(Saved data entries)

- - -

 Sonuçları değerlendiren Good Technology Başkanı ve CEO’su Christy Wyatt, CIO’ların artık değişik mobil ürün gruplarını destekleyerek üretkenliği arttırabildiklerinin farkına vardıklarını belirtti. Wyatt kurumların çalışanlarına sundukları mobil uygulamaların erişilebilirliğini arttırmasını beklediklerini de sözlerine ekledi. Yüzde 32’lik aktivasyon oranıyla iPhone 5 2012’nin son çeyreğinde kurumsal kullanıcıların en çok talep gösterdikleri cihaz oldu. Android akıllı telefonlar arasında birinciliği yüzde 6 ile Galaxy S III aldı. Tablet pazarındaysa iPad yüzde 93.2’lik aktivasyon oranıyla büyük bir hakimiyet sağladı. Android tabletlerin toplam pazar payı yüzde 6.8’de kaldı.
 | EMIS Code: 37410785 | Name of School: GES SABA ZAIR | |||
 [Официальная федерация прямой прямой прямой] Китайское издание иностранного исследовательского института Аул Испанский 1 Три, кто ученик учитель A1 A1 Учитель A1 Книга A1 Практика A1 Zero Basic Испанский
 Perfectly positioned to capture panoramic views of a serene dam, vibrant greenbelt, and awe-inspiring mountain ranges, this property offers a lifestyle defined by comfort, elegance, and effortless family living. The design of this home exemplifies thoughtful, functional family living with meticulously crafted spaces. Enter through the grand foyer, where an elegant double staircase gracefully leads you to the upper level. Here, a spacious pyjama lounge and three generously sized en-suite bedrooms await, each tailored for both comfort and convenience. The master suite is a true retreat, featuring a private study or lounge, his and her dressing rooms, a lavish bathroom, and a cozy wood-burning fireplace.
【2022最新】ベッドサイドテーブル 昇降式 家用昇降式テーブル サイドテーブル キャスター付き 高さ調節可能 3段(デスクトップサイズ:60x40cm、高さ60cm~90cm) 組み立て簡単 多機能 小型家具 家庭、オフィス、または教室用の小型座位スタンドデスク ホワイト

- - -

- **Problem details**:
From the line containing "[Официальная федерация прямой" through the last line of the records above, reproduce every line exactly.

- **Solution below**:
 [Официальная федерация прямой прямой прямой] Китайское издание иностранного исследовательского института Аул Испанский 1 Три, кто ученик учитель A1 A1 Учитель A1 Книга A1 Практика A1 Zero Basic Испанский
 Perfectly positioned to capture panoramic views of a serene dam, vibrant greenbelt, and awe-inspiring mountain ranges, this property offers a lifestyle defined by comfort, elegance, and effortless family living. The design of this home exemplifies thoughtful, functional family living with meticulously crafted spaces. Enter through the grand foyer, where an elegant double staircase gracefully leads you to the upper level. Here, a spacious pyjama lounge and three generously sized en-suite bedrooms await, each tailored for both comfort and convenience. The master suite is a true retreat, featuring a private study or lounge, his and her dressing rooms, a lavish bathroom, and a cozy wood-burning fireplace.
【2022最新】ベッドサイドテーブル 昇降式 家用昇降式テーブル サイドテーブル キャスター付き 高さ調節可能 3段(デスクトップサイズ:60x40cm、高さ60cm~90cm) 組み立て簡単 多機能 小型家具 家庭、オフィス、または教室用の小型座位スタンドデスク ホワイト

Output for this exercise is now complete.